Committed to PEOPLE'S RIGHT TO KNOW
Vol. 5 Num 1140 Mon. August 13, 2007  
   
Business


New India revels in 'trading superpower' dreams


When India comes to celebrate a century of independence it will be as a superpower, a trading giant straddling the world, just next to China -- according to conventional wisdom.

That may be 40 years away yet, but such predictions from major banks, which put India ahead of Japan by 2025 and the United States in 2050, delight many here.

The nation of 1.1 billion people -- marking 60 years since the subcontinent was partitioned on August 14-15, 1947 -- proudly sees itself well on the road to economic, political and social greatness.

Government feeds the frenzy. Commerce Minister Kamal Nath likes to brush aside speculation about India's future, boasting: "The future is India".

In a booming economy, the media massages Indian egos via blanket coverage of India's emergence as a force to be reckoned with.

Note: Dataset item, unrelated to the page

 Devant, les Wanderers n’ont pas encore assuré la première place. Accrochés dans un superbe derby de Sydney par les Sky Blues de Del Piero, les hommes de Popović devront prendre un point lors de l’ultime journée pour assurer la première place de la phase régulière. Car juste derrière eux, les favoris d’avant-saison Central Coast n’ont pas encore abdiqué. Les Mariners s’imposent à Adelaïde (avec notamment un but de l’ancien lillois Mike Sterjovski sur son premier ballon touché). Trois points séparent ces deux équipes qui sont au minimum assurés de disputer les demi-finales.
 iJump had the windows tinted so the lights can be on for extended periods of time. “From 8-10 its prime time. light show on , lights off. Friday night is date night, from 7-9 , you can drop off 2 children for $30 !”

The buyouts of prestige western companies, planned moonshots, new billionaires, ethnic fashion, literary or sporting heroes are all splashed over the front-pages as proof of India empowered.

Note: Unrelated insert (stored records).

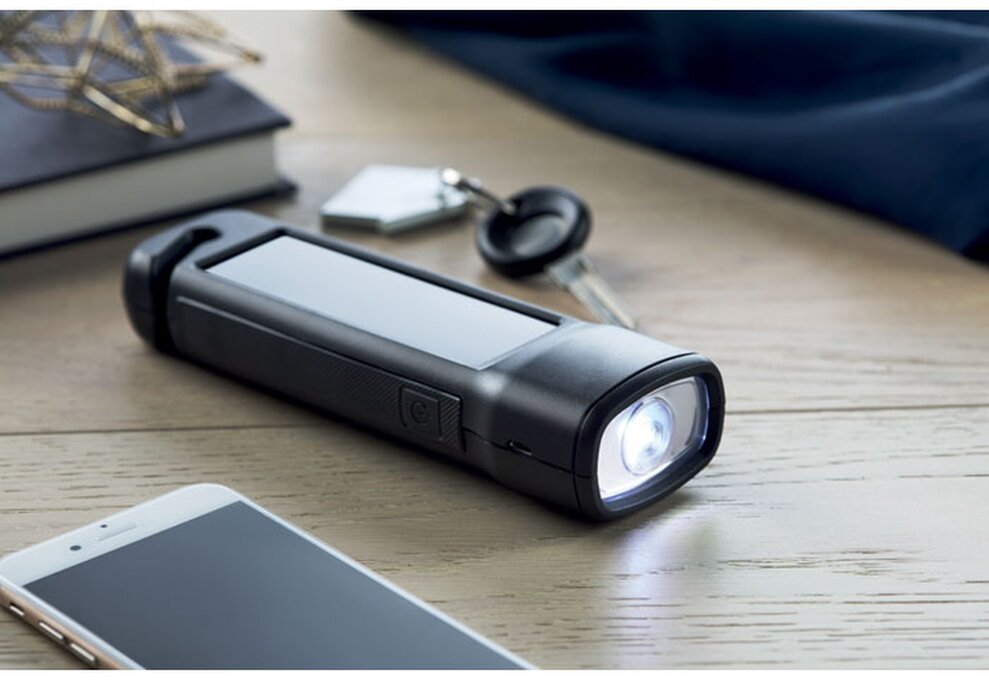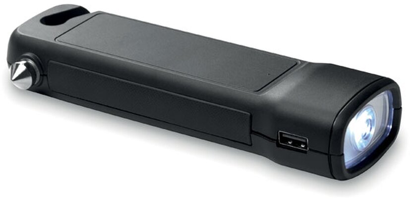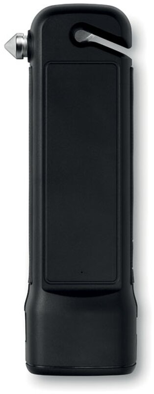 Praktický pomocník do auta. Power banka 4400 mAh se svítilnou, řezačkou na pás a kladívkem. Částečně solární nabíjení. Výstup DC5V/1A. Obsahuje konektor typu C.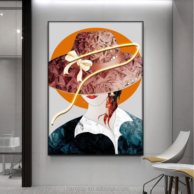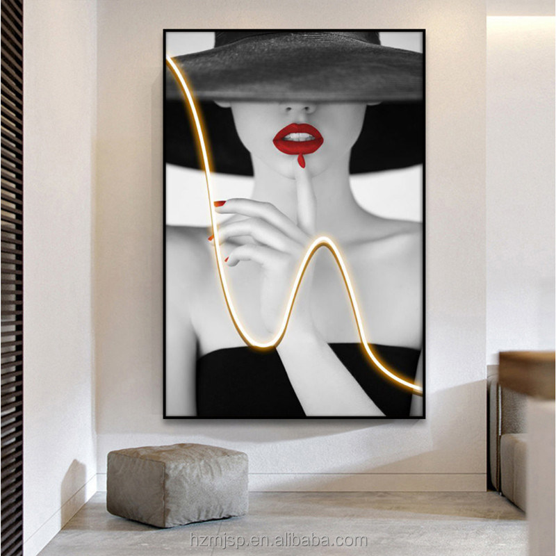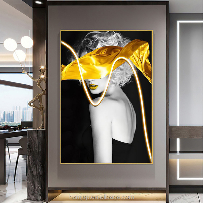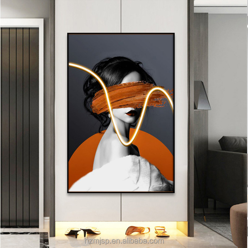 سبک مدرن ورودی تزئینی روشن کننده تصویر نقاشی دیواری نقاشی پرتره روشن چاپ شده بر روی پارچه با نقاشی LED سه بعدی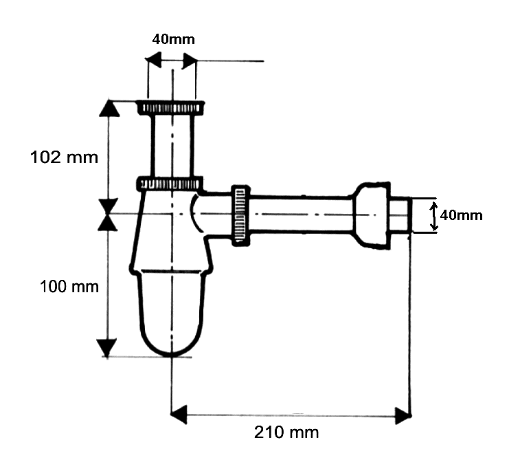 Syfon zlewozmywakowy butelkowy 1.1/2″x40mm, wykonany z mosiądzu, pokryty warstwą chromu, bez spustu.

It has fallen on Prime Minister Manmohan Singh, a technocrat less given to rhetoric, to point out the pitfalls ahead.

He warned starkly this month that agriculture -- which provides a livelihood for two-thirds of the population and about a fifth of economic output -- was in deep crisis.

"We cannot be complacent till the growth becomes inclusive and socio-economic development benefits more than half the population," said the economist who in 1991 led reforms that ended decades of socialist insulation.